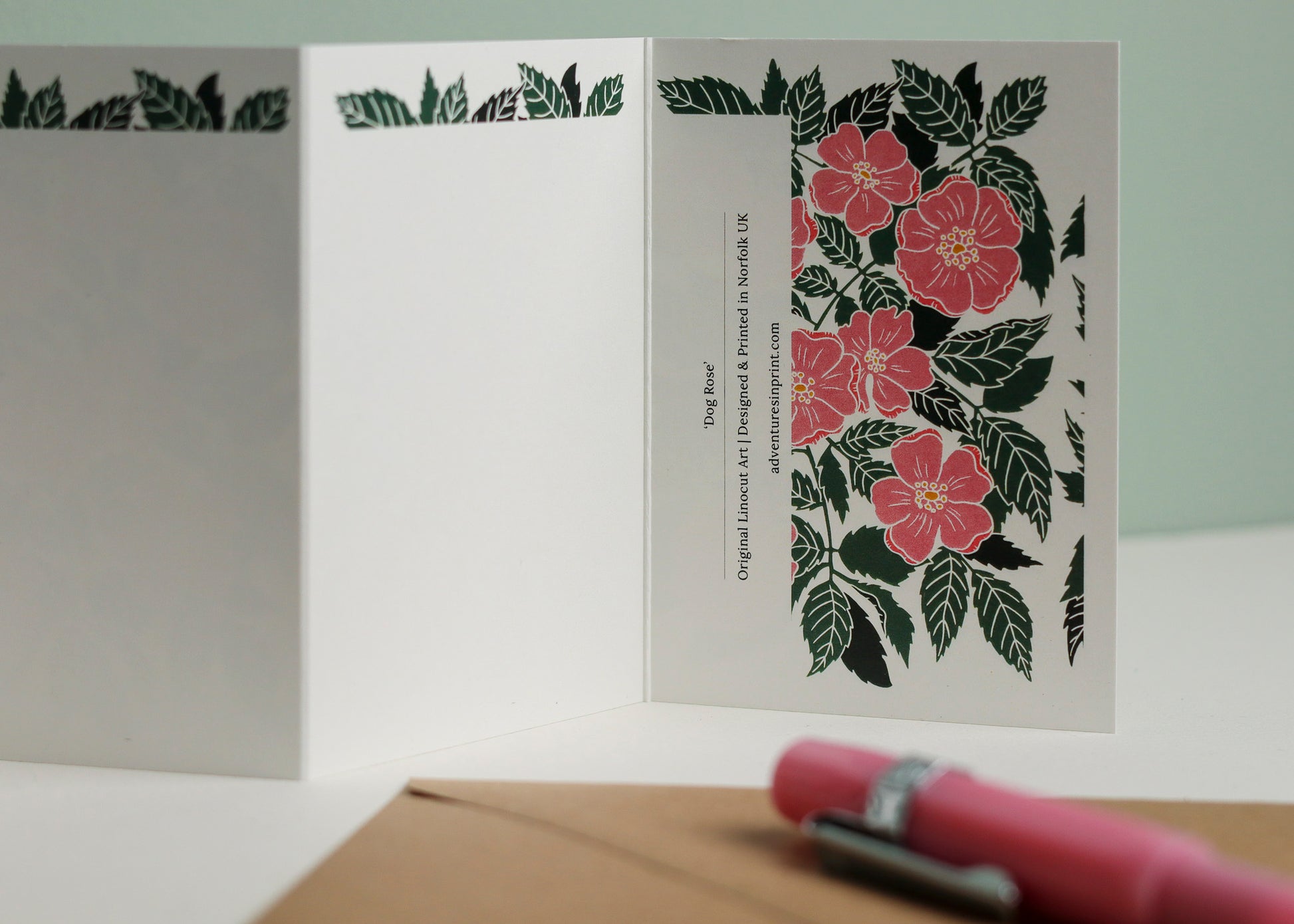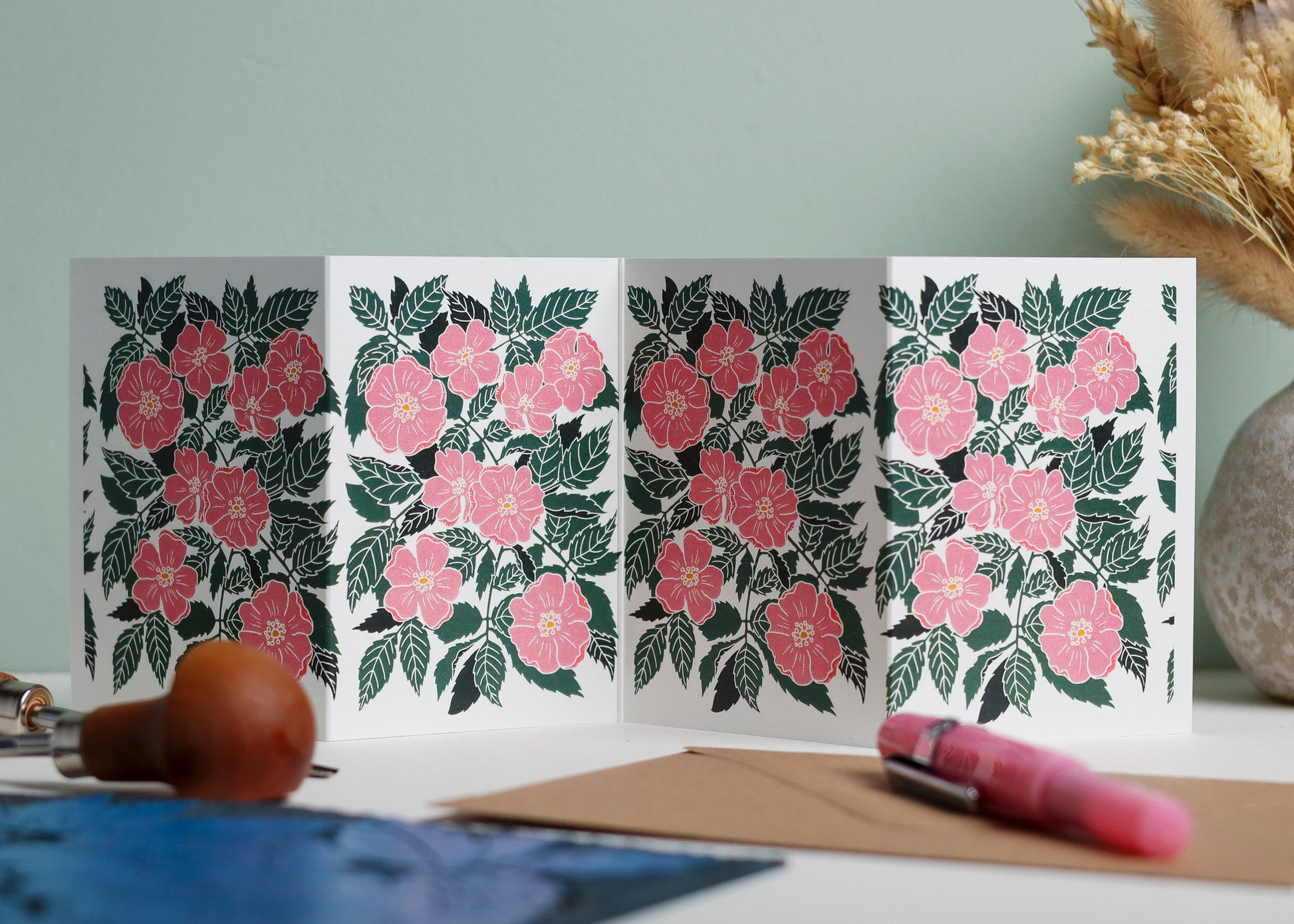 The dog rose is one of Britain's most beloved wild flowers, scrambling through hedgerows and threading its delicate blooms through country lanes each summer. This linocut is filled with simple pink petals, framed by deeply veined leaves that tell the story of wind and weather.
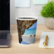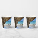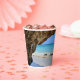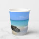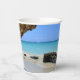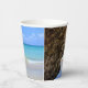 Papiertassen mit einem landschaftlichen Naturfoto. Schönes türkisblaues Meer mit einem Sandstrand. Ein großer, brauner Felsen verleiht dem hellblauen Himmel Schatten.
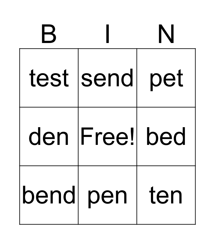 This bingo card has a free space and 8 words: bed, pet, send, bend, test, ten, den and pen.
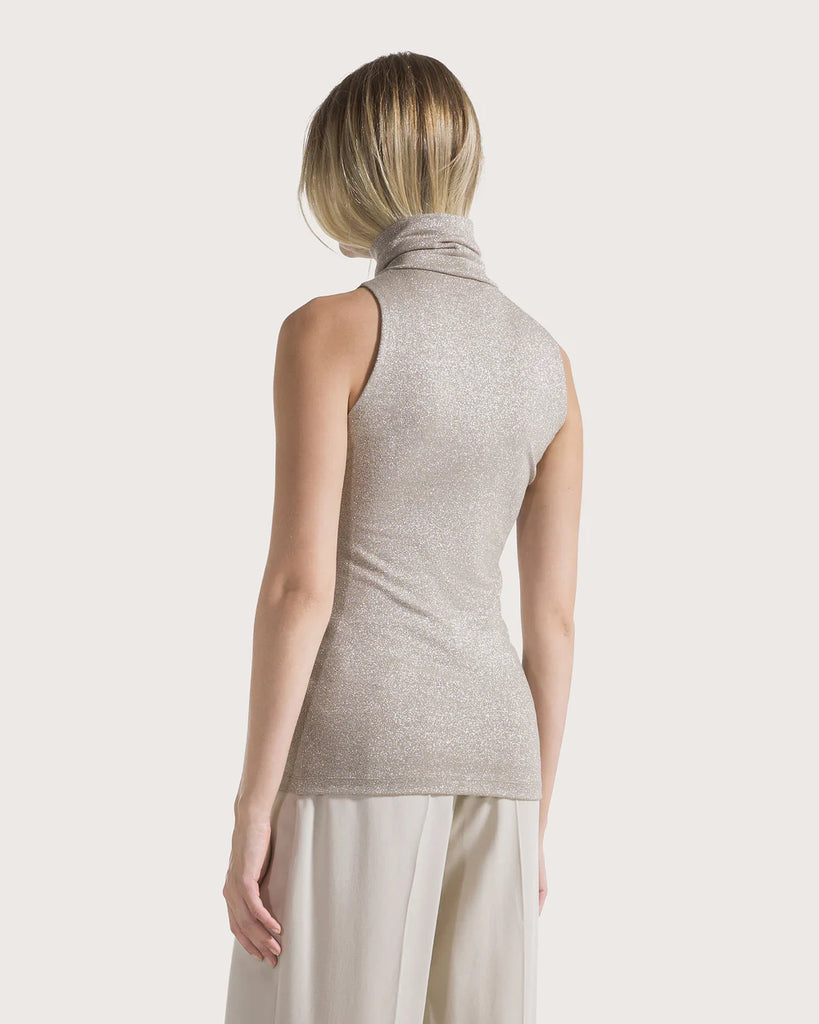 Lurex jersey sleeveless turtleneck with tight-waisted fit.
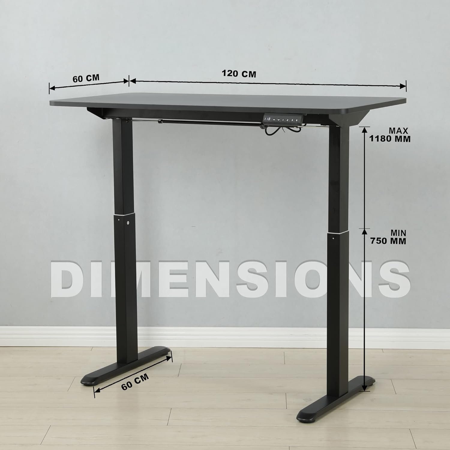 - Dimensions: 120cm (L) x 60cm (W) x adjustable height range from 760mm – 1280mm
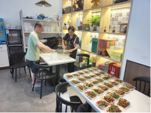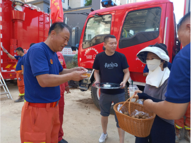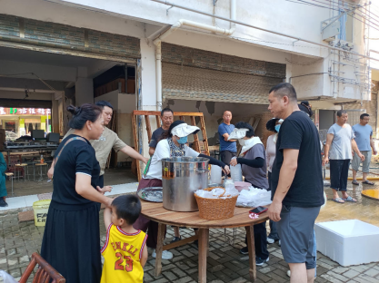 草草睡了两个多小时后,她将孩子交给亲戚,分别前往简青大众安置区、天岳广场、康乐村等地,为救援队和志愿者送上亲手制作的500余份凉粉和200个卤鸡蛋。
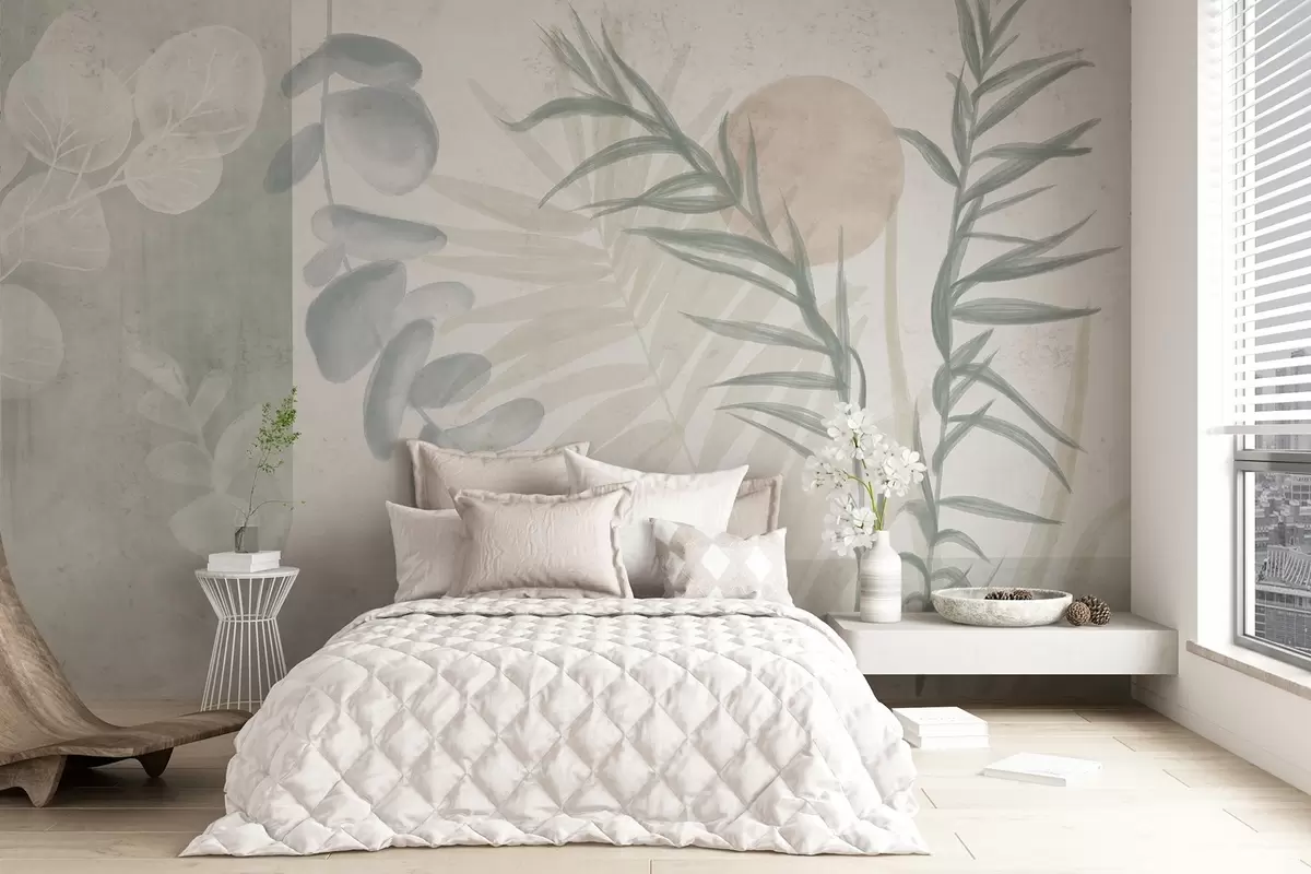 A minimalist abstract print with stylized leaves and eucaliptus with soft, blue organic shapes in muted pastel colors - Wall mural (No. w08648v1)
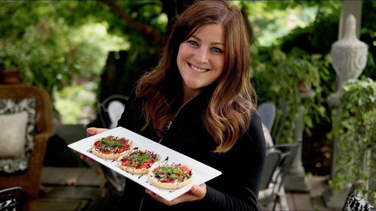 To assemble, fill each tartlet shell with a layer of the cheese mixture, top with sliced tomatoes and julienned basil, then drizzle them with the balsamic glaze.
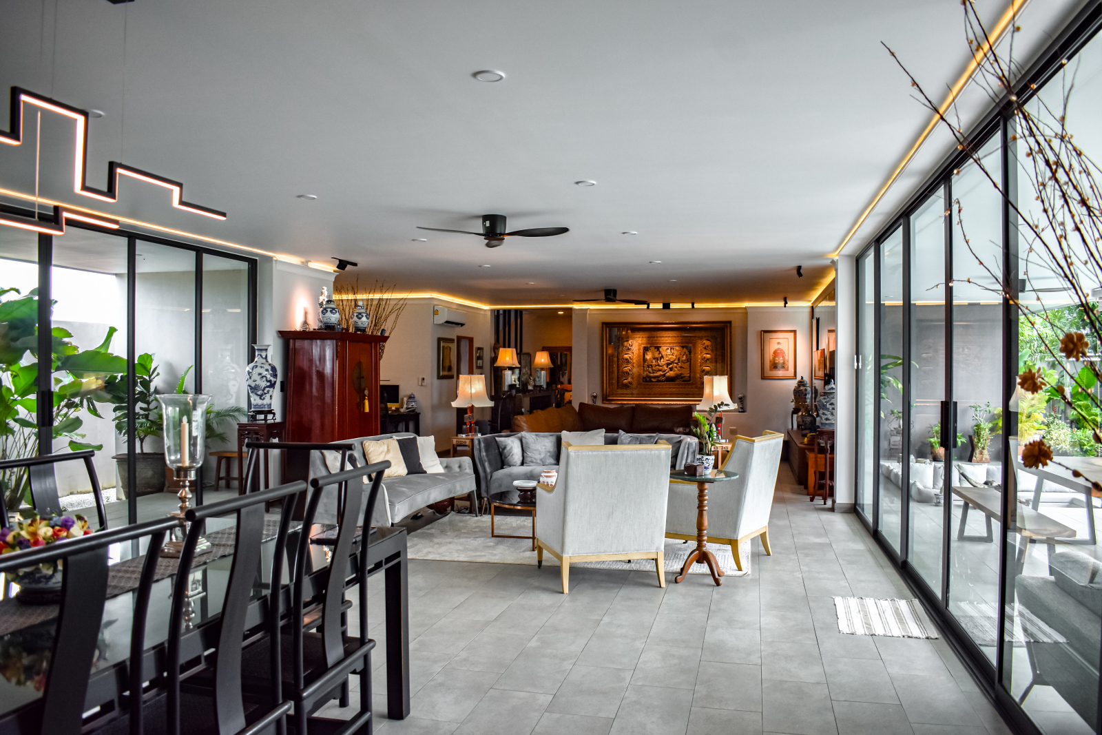 Experience smart, stylish living on an expansive 𝟖𝟳𝟱 𝗦𝗤.𝗠. landplot, where modern contemporary interiors meet tropical architectural charm.
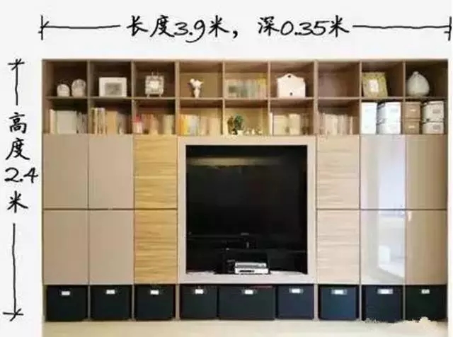 下面讓我們計算一下,電視柜的容量:3.9*2.4*0.35=3.3立方米。沒有直觀概念?20寸的登機箱是0.5*0.34*0.19=0.03立方米,算下來,這面電視柜可以收納100個20寸的登機箱能裝的東西!
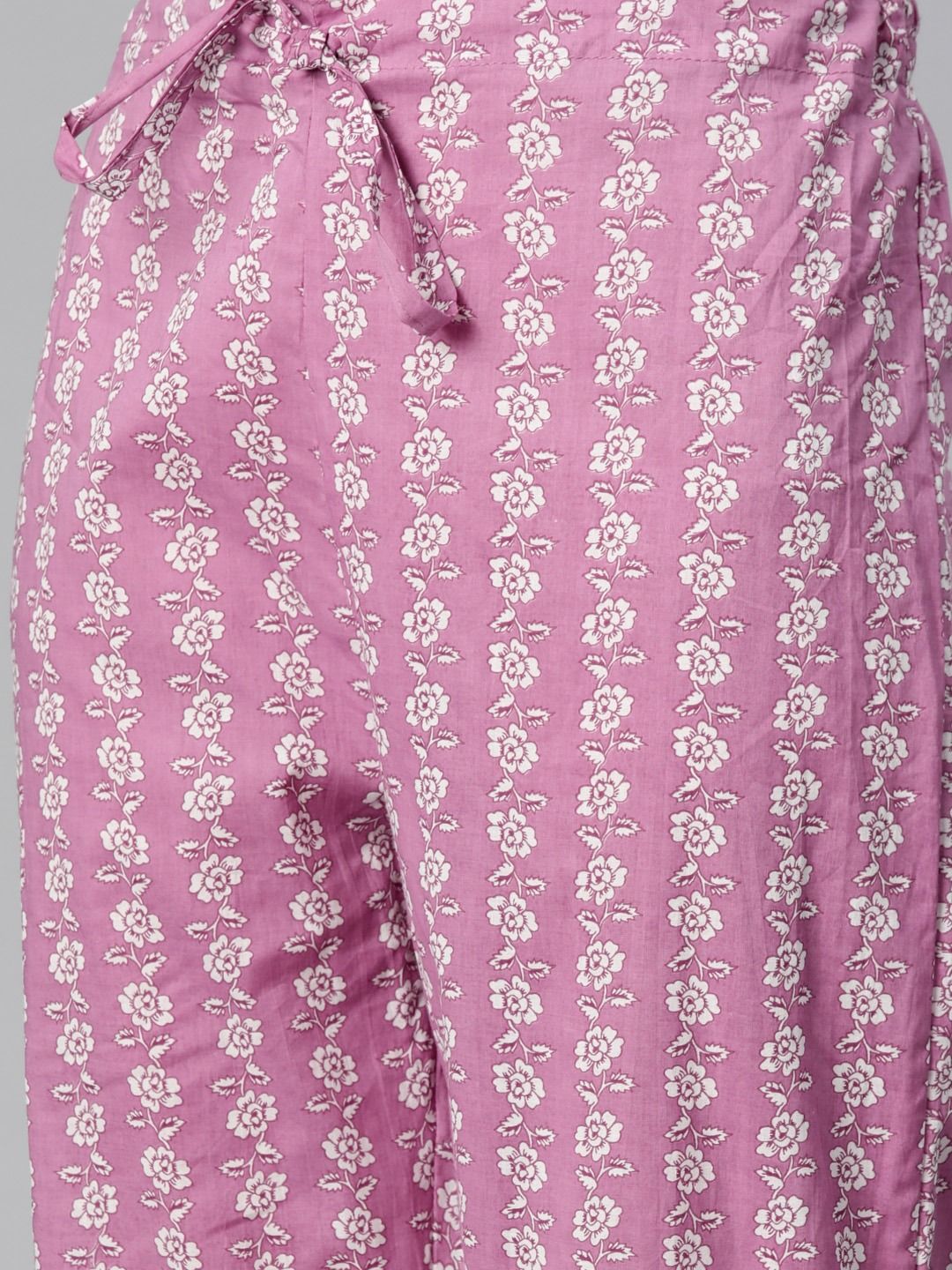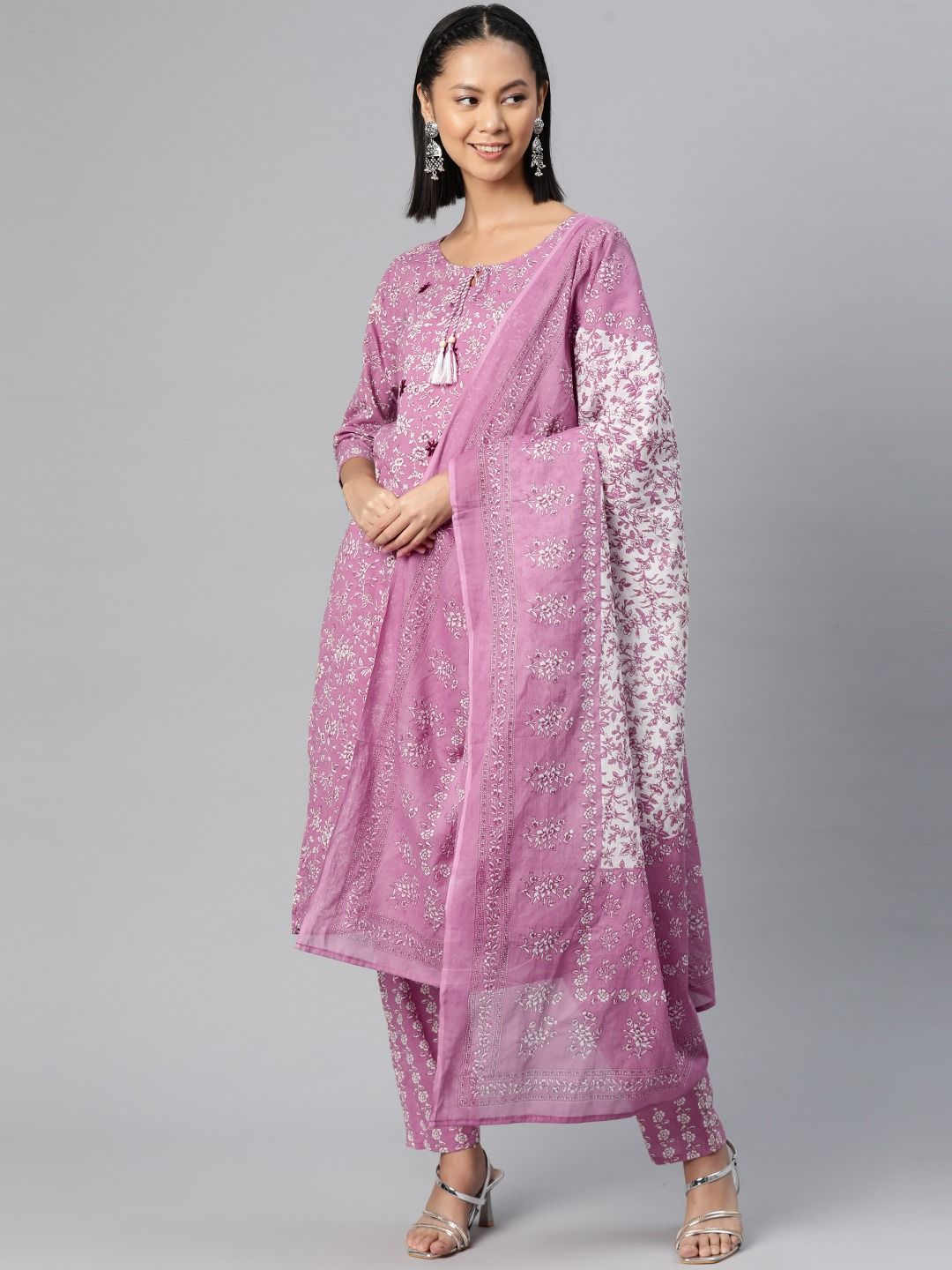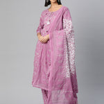 Straight Style Cotton Fabric Purple Color Kurti And Bottom With Dupatta

Assignment: Each line from the one with "This bingo card" to the last line of the listing should be returned exactly, both ends included, and no picture with them.

Written answer:
 This bingo card has a free space and 8 words: bed, pet, send, bend, test, ten, den and pen.
 Lurex jersey sleeveless turtleneck with tight-waisted fit.
 - Dimensions: 120cm (L) x 60cm (W) x adjustable height range from 760mm – 1280mm
 草草睡了两个多小时后,她将孩子交给亲戚,分别前往简青大众安置区、天岳广场、康乐村等地,为救援队和志愿者送上亲手制作的500余份凉粉和200个卤鸡蛋。
 A minimalist abstract print with stylized leaves and eucaliptus with soft, blue organic shapes in muted pastel colors - Wall mural (No. w08648v1)
 To assemble, fill each tartlet shell with a layer of the cheese mixture, top with sliced tomatoes and julienned basil, then drizzle them with the balsamic glaze.
 Experience smart, stylish living on an expansive 𝟖𝟳𝟱 𝗦𝗤.𝗠. landplot, where modern contemporary interiors meet tropical architectural charm.
 下面讓我們計算一下,電視柜的容量:3.9*2.4*0.35=3.3立方米。沒有直觀概念?20寸的登機箱是0.5*0.34*0.19=0.03立方米,算下來,這面電視柜可以收納100個20寸的登機箱能裝的東西!
 Straight Style Cotton Fabric Purple Color Kurti And Bottom With Dupatta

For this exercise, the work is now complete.